Y no es solo en Cauca. En regiones donde conviven una o varias comunidades étnicas los conflictos por la tierra se repiten.

En el Alto Andágueda (Chocó), la Comisión reconstruyó las guerras que hubo en el pasado entre familias Emberá por el control de la mina de oro de Dabaibe, y que dejaron cientos de muertos y desplazamientos masivos. La magnitud fue tal que llevó a las autoridades regionales a advertir que se estaban «exterminando entre hermanos».

En el sur de Nariño, en el resguardo de Cumbal, la Comisión identificó una competencia directa entre cabildos indígenas y sectores de la ANUC (Asociación Nacional de Usuarios Campesinos) por quién debía dirigir los procesos de recuperación de tierras y administrar los predios obtenidos.

En comunidades Nasa de la frontera entre Caquetá y Guaviare, se presentaron tensiones internas entre familias que querían mantener cultivos tradicionales y aquellas que insistían en sembrar coca, lo que terminó fracturando la cohesión del resguardo.

Otro punto que señaló especialmente a la Comisión es cómo los grupos armados debilitaron los mecanismos tradicionales de resolución de conflictos.

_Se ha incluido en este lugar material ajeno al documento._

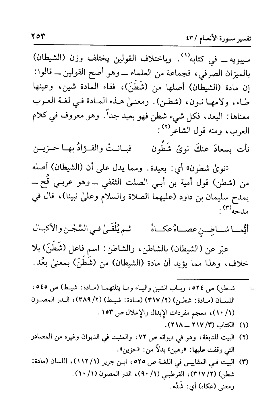 سِيبَوَيْهِ - في كتابِه (¬1). وباختلافِ القولين يختلفُ وَزْنُ (الشيطانِ) بالميزانِ الصرفيِّ، فجماعةٌ مِنَ العلماءِ - وهو أَصَحُّ القولين - قالوا: إن مادةَ (الشيطانِ) أصلُها من (شَطَنَ)، ففاءُ المادةِ شِينٌ، وعينُها طاءٌ، وَلاَمُهَا نونٌ، (شَطَنَ). ومعنى هذه المادةِ في لغةِ العربِ معناها: البعدُ، فَكُلُّ شيءٍ شَطَنَ فهو بعيدٌ جِدًّا. وهو معروفٌ في كلامِ العربِ، ومنه قولُ الشاعرِ (¬2):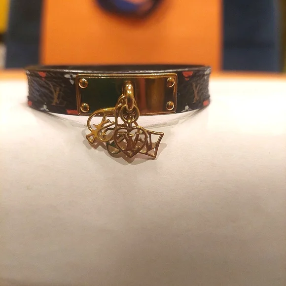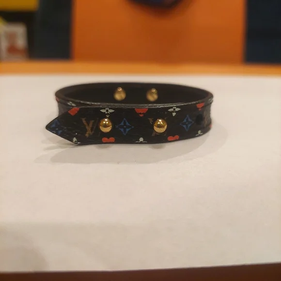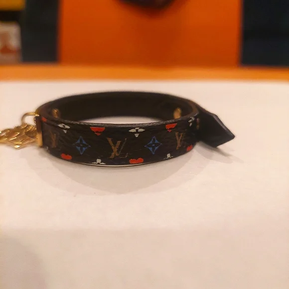 Louis Vuitton Brassiere Game On Bracelet with attached Gold Club, Diamond, Heart, Spade, CharmsPre-Loved, Good Conditon.Code: MP285Size 17Pics with different backgrounds to highlight various features.✨️

Cuando la guerrilla o los paramilitares ocupaban un territorio, las comunidades perdían la capacidad de resolver sus pleitos de tierra a través del diálogo y la autoridad propia. En el Bajo Atrato, las FARC terminaron suplantando a los conciliadores comunitarios en disputas entre familias, actuando con arbitrariedad y sin considerar la visión colectiva.

Lo que ocurre hoy entre los Nasa y los Misak en Silvia es la materialización de los “desencuentros territoriales” descritos por la Comisión. Los Misak denunciaron que estas tierras habitadas milenariamente por ellos pasaron a control del pueblo Nasa tras decisiones administrativas que ignoraron su historia ancestral.

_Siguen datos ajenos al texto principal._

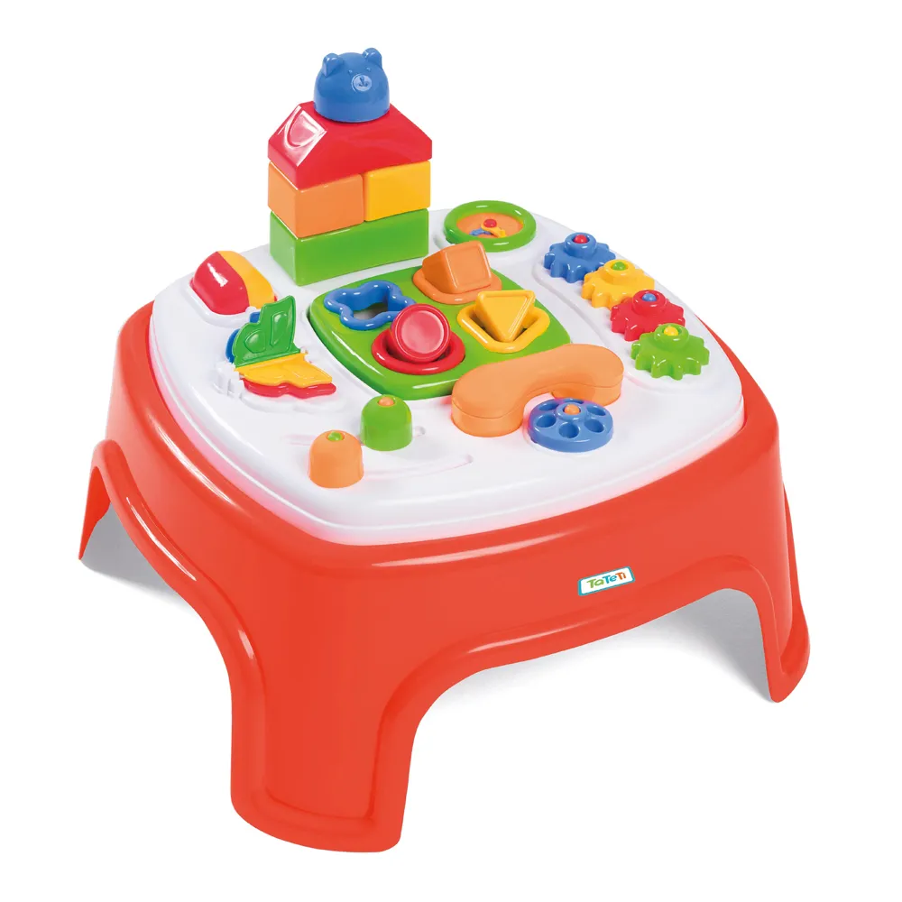Mesinha didática com diversas formas para empilhar, blocos coloridos de encaixe, engrenagens, esfera giratória, e peças que deslizam, divertem e estimulam a coordenação dos pequeninos.

El Estado ha actuado efectuando delimitaciones o adjudicaciones que ignoran la existencia de conflictos interétnicos previos y las demandas de comunidades que conciben como ancestrales tierras que siguen siendo objeto de múltiples reclamaciones. Cuando las instituciones deciden sin concertar, el conflicto no desaparece: se traslada al territorio.

Para frenar estos conflictos, la Comisión de la Verdad enfatizó la necesidad de repensar el modelo de ordenamiento territorial. Recomendó que el Estado abandone la lógica de imponer decretos y avance hacia modelos de gestión que nazcan del diálogo entre los propios pobladores, asegurando que el desarrollo del territorio sea coherente con las distintas cosmovisiones indígenas.

También recomendó fortalecer las capacidades de las autoridades tradicionales para la resolución de pleitos internos y de linderos, de modo que ni los actores armados ni la institucionalidad externa terminan suplantando a quienes las comunidades reconocen como sus autoridades legítimas.

Es urgente implementar planes específicos que protejan la integridad de los territorios étnicos, resarciendo los daños acumulados por décadas de inseguridad jurídica y física.